Crowding schadet normalerweise Pflanzen, Blumen brauchen frische Luft, optimale (und nicht übermäßige) Luftfeuchtigkeit. Fitosporin-M eignet sich perfekt zur vorbeugenden Bewässerung, um Pflanzen vor Pilzkrankheiten zu schützen.

Wir dürfen nicht vergessen, den Boden zu wechseln, manchmal zu desinfizieren. Es ist unbedingt erforderlich, alle Werkzeuge zu desinfizieren, die für die Arbeit mit Pflanzen verwendet werden. Und die Stellen von Schnitten in der Nähe von Blumen müssen mit zerkleinerter Kohle verarbeitet werden..
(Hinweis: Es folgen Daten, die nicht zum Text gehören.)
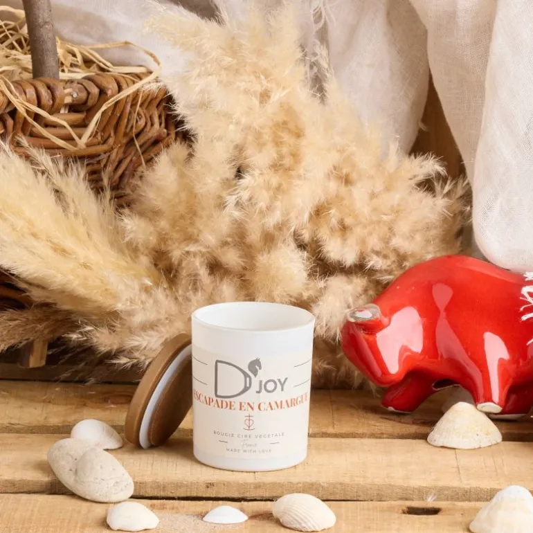 Avec la petite bougie Escapade en Camargue D’joy cheval et senteurs, embarquez pour un voyage sensoriel au cœur de cette terre sauvage et envoûtante.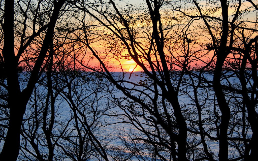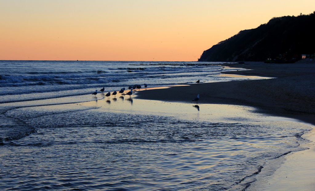 Zachód słońca nad Bałtykiem widziany z klifu nadmorskiego.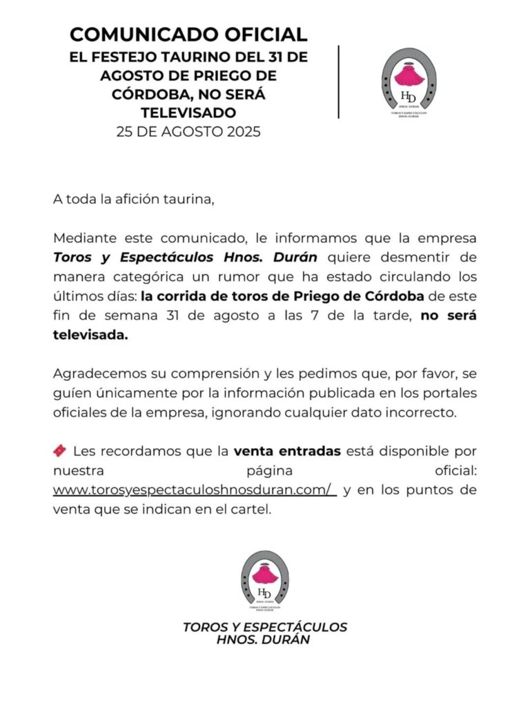 El festejo del próximo domingo, 31 de Agosto, en Priego de Córdoba NO será televisada.

Gesunde Pflanzen sind viel seltener infiziert, sie werden leicht vertragen, was bedeutet, dass Sie alle Regeln für die Pflege von Blumen befolgen, günstige Bedingungen schaffen und Schädlinge rechtzeitig bekämpfen müssen.

Video "Pilzkrankheiten"

Aus dem Video erfahren Sie, welche Pilzkrankheiten Ihre Zimmerpflanzen betreffen können.